To date, the majority of prior research in children has examined differences in hippocampal volume between children with obesity and those with healthy weight ((7, 33)), yet very little is known about hippocampal health in children and adolescents across the weight range. One study of 120 children and adolescents with BMI in the underweight (3% of sample; BMI < 5th percentile), healthy weight (67% of sample; BMI, 5th to 84th percentile), overweight (12% of sample; BMI, 85th to 95th percentile), and obesity (17% of sample, BMI > 95th percentile) categories showed that higher BMI percentile was associated with smaller gray matter volumes in frontal and limbic brain regions, including the hippocampus, parahippocampus, amygdala, cingulate, and cerebellum ((34)). Because of the limited number of studies available thus far, additional research on the effects of weight among youth across the weight range is warranted, particularly during crucial neurodevelopmental periods such as adolescence.

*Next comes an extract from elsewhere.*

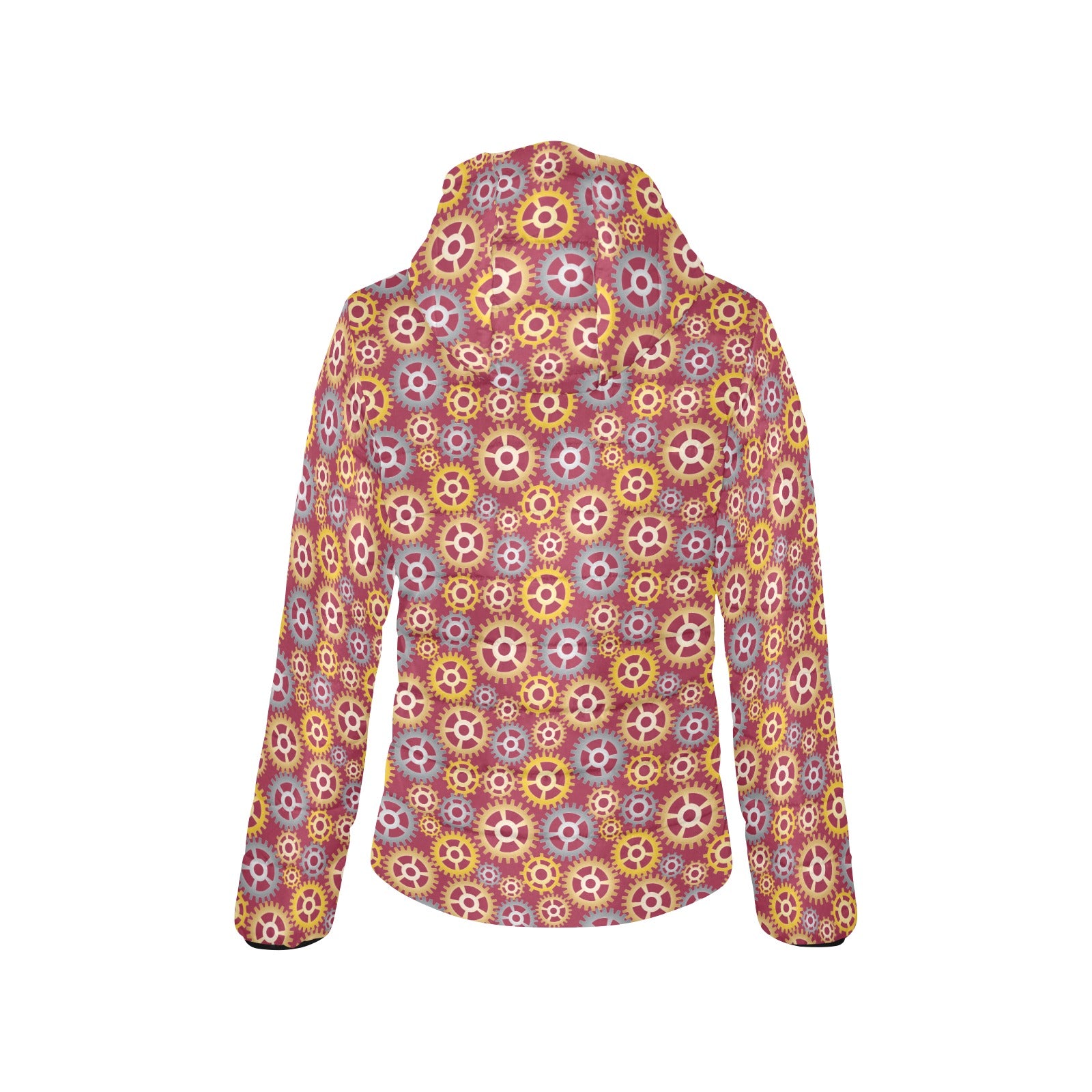 Gear Pattern Print Design 04 Women's Padded Hooded Jacket

Four studies have examined the association between weight or factors related to obesity and hippocampal structure in adolescents ((8-11)). However, three of the four studies focused their analyses on insulin resistance ((10)), metabolic syndrome ((11)), and type 2 diabetes as well as their effects on the hippocampus ((8)) rather than body weight alone. Although the fourth study focused on the effects of excess weight on the hippocampus ((9)), it included only 52 adolescents, with unequal groups (69% had overweight or obesity relative to 31% with healthy weight). Adolescence is a time of significant brain maturation and reorganization in several regions, including the limbic system (e.g., the hippocampus) ((12, 35)). Indeed, adolescence is associated with higher levels of neurogenesis in the hippocampus, and disruptions of neurogenesis during this critical period could lead to long-lasting changes into adulthood ((12)). Thus, a better understanding of the association between weight and brain development during adolescence is imperative.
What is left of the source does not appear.